Eurus 2 7 B P R I M E G G U F
bartowskiIntroduction
Eurus-2-7B-PRIME-GGUF is a text generation model available on Hugging Face. It employs various quantization formats to optimize performance and storage requirements, making it suitable for a range of hardware configurations. The model is licensed under Apache-2.0.
Architecture
The model utilizes llama.cpp, a library designed for efficient model quantization. The original model, Eurus-2-7B-PRIME, is modified using different quantization techniques, such as f16, Q8_0, Q6_K, and others, to cater to different performance and quality needs.
Training
Quantizations were performed using llama.cpp release b4404, with datasets crafted specifically for this purpose.
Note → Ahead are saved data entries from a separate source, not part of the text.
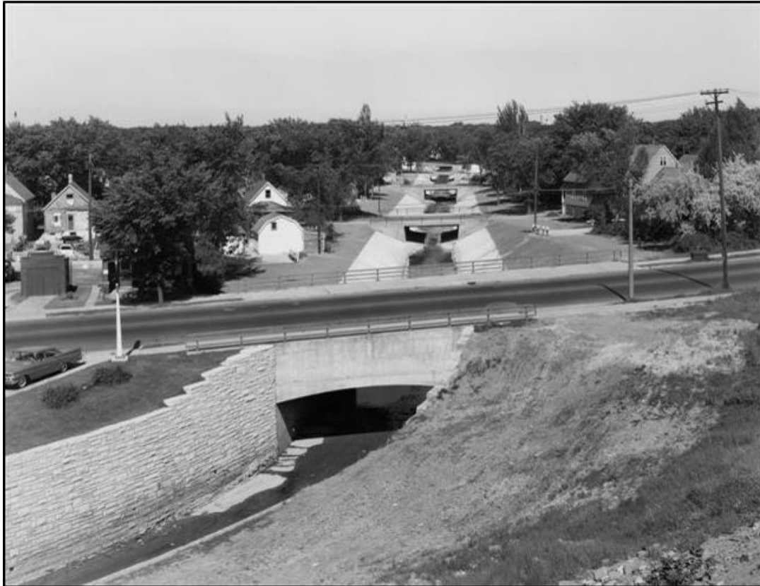
Figure 6. Kinnickinnic River post-channelization, June 15, 1961

constrained by homes and other structures built near the river's edge (Wieland 1976). The Sewerage Commission knew at the time the Kinnickinnic River was being channelized that the concrete channel would become increasingly incapable of adequately transporting significant stormwater flows should the watershed upstream continue to urbanize (Wieland 1976).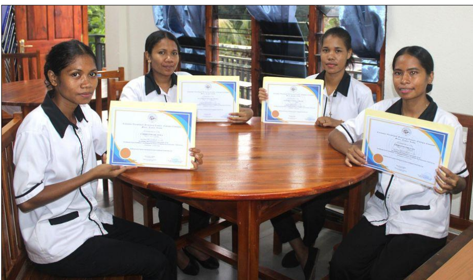
Four students graduated from Canossian Vocational Training Centre in Suai after completing a Certificate 2 in Hospitality.

Friends of Suai continues to support students at the National University in Dili to complete their post-graduate studies. Three Community Development students are underway and making progress with their post-grad studies. It is a long process, but they are motivated and doing well.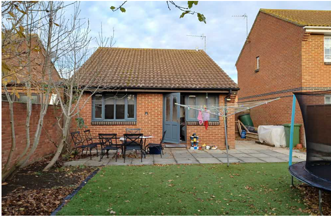
EX REAR ELEVATION NO 12 ROLLESBY WAY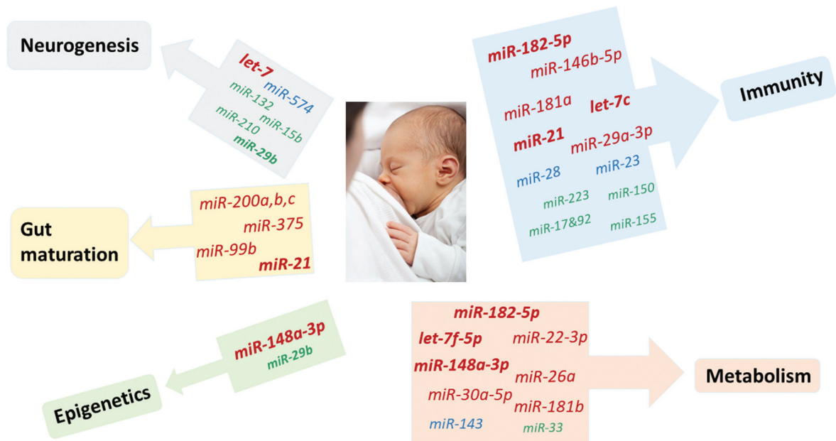
FIGURE 1 Potential effects of human milk exosomal microRNAs (miRNAs) on infant development. The font size and color of each miRNA corresponds to the abundance classification. The classification was based on the total count reads reported by Liao et al. (48) with A > 250.00 , 250.00 \geq B > 150.00 , 150.00 \geq C > 50.00 , and 50.00 \geq D > 0 sum of the total normalized read counts (Supplemental Table 1). miRNAs playing a role in \geq 2 functions are in bold. miR, microRNA.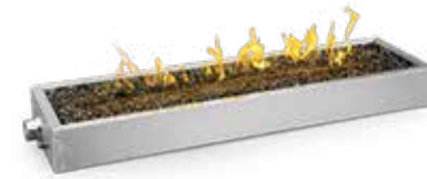
Linear Burner Kit - GPFL48

Consult your owner's manual for complete and up-to-date measurements and installation instructions for proper clearances to combustible materials.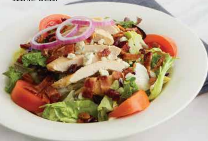
Cranberry Pecan Harvest Salad with Chicken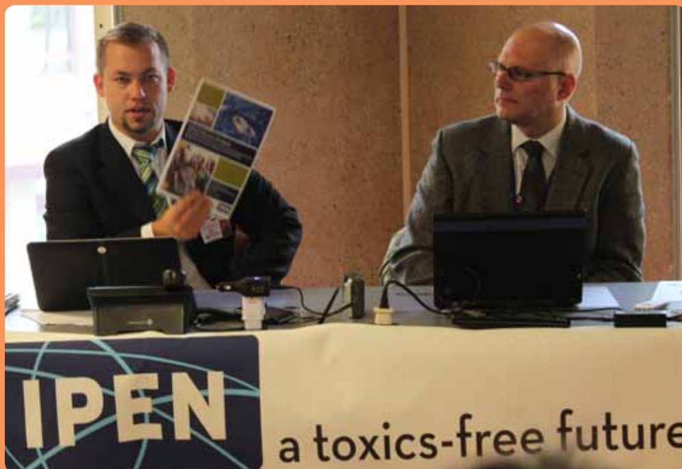
IPEN interventions and media campaigns helped strengthen the Mercury Treaty

A final IPEN press conference offered an analysis of the new treaty’s strengths and weaknesses and resulted in stories around the world, including in stories by Associated Press, Reuters, BNA/Bloomberg News, Agence France Presse, Le-Monde, RIA Novosti (Russian international news agency), EFE (Spanish international news agency), and Inter-Press News Agency.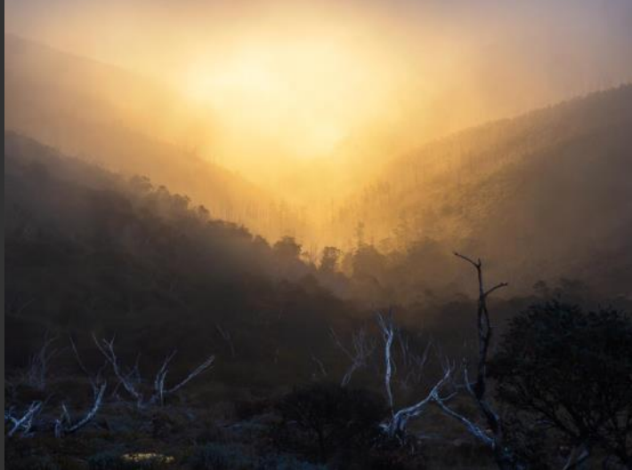
KPA HM | MCTAGGART GAIL, Australia, Golden light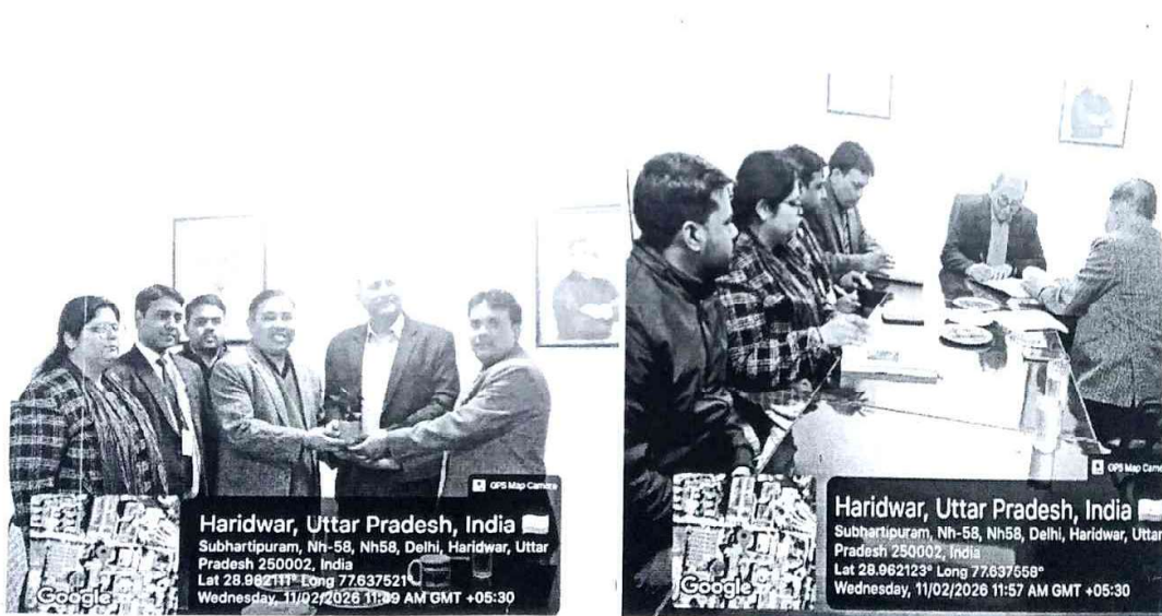
Geotag Images of BOS Meeting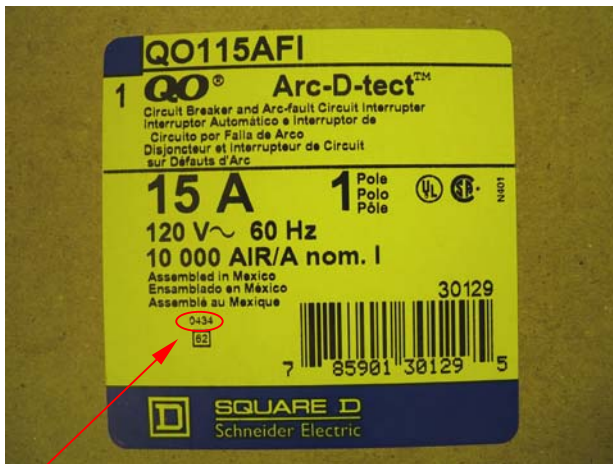
Carton Date Code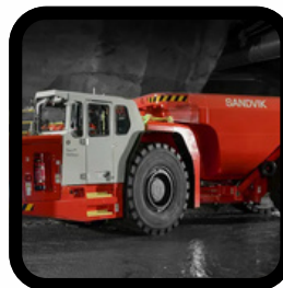
Underground Mining Wheels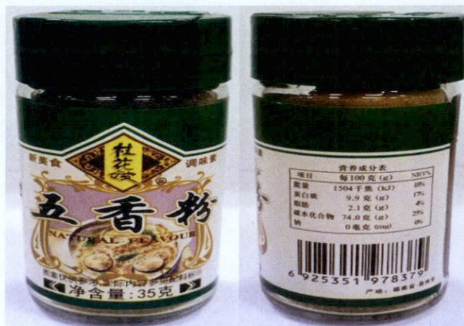
Figure 1. Unregistered Small green bottle container with “NATURAL FLAVOUR” (Five Spice Powder) Barcode: 6925351978379 (Labels are in foreign Characters)

The Food and Drug Administration (FDA) warns all healthcare professionals and the general public NOT TO PURCHASE AND CONSUME the following unregistered food products: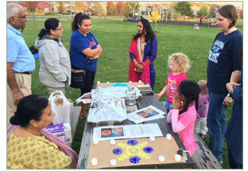
2017 Secret Places Diwali Celebration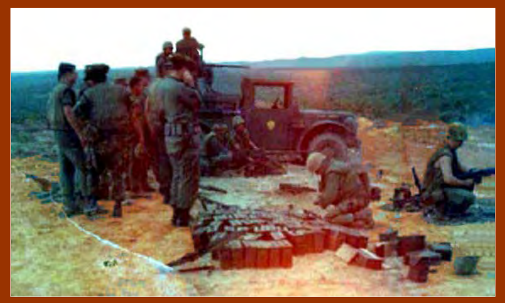
Đông Hà Air Field 1967 Firing Range.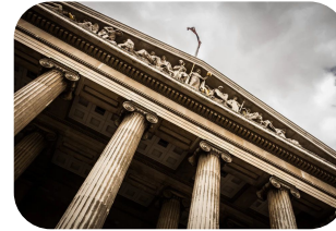
Inclusive Policy and Compliance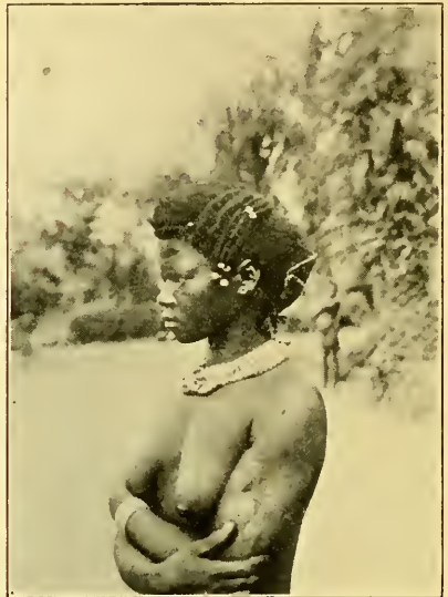
Fig. 12. UPOTO, "KELOIDS" ON FACE AND CHEST. Fig. 13. BOPOTO TRIBE, SHOWING COIFFURE.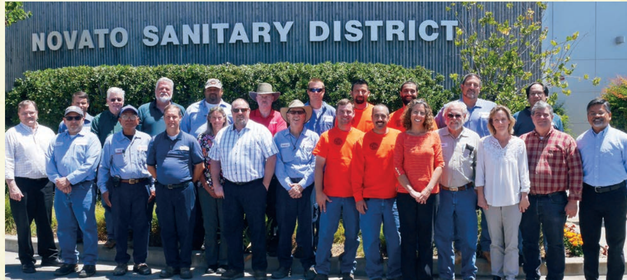
Staff recognized for the national Platinum5 Peak Performance Award.

The National Association of Clean Water Agencies (NACWA), awarded Novato Sanitary District's Wastewater Treatment Plant a Platinum5 Peak Performance Award, which is given for perfect permit performance records for five consecutive calendar years.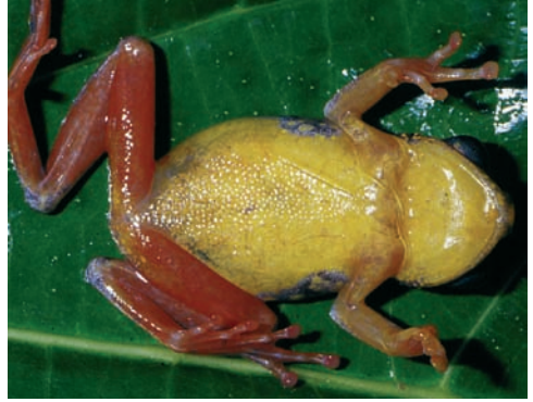
Fig. 8. Dorsal (above) and ventral (below) aspect of female Hyperolius viridigulosus from Draw River Forest Reserve.

sibly representing an undescribed species. Males measured 52-59 mm SVL (mean = 54.8 mm, N = 9). One gravid female measured 52 mm SVL. One metamorph measured 23.5 mm SVL.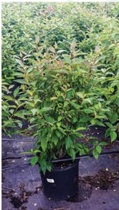
CORNUS RACEMOSA GRAY DOGWOOD

Height: 6 - 10', Foliage: Green, Spread: 6 - 10', Fall Foliage: Purple, Zone: 4 - 8, Shape: Round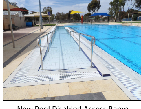
New Pool Disabled Access Ramp

Outcome 3: Information about functions, facilities and services is provided in formats which will meet the communications requirements of people with disabilities.

The model supports various quantization formats, each providing different trade-offs between quality and resource requirements.
Guide: Running Locally
- Install Hugging Face CLI:
pip install -U "huggingface_hub[cli]"
- Download Model:
Use the Hugging Face CLI to download the desired quantized model file:huggingface-cli download bartowski/Eurus-2-7B-PRIME-GGUF --include "Eurus-2-7B-PRIME-Q4_K_M.gguf" --local-dir ./
- Select Quantization:
Choose a quantization format that fits your hardware's RAM and VRAM capabilities. For high performance, select a file size smaller than your GPU's VRAM. - Run Locally:
Run the model using compatible backend libraries like cuBLAS for Nvidia GPUs or rocBLAS for AMD GPUs.
Cloud GPUs: Consider using cloud services with powerful GPUs to handle larger models and ensure fast inference times.
License
The model is released under the Apache-2.0 license, allowing for wide usage and distribution while ensuring compliance with open-source standards.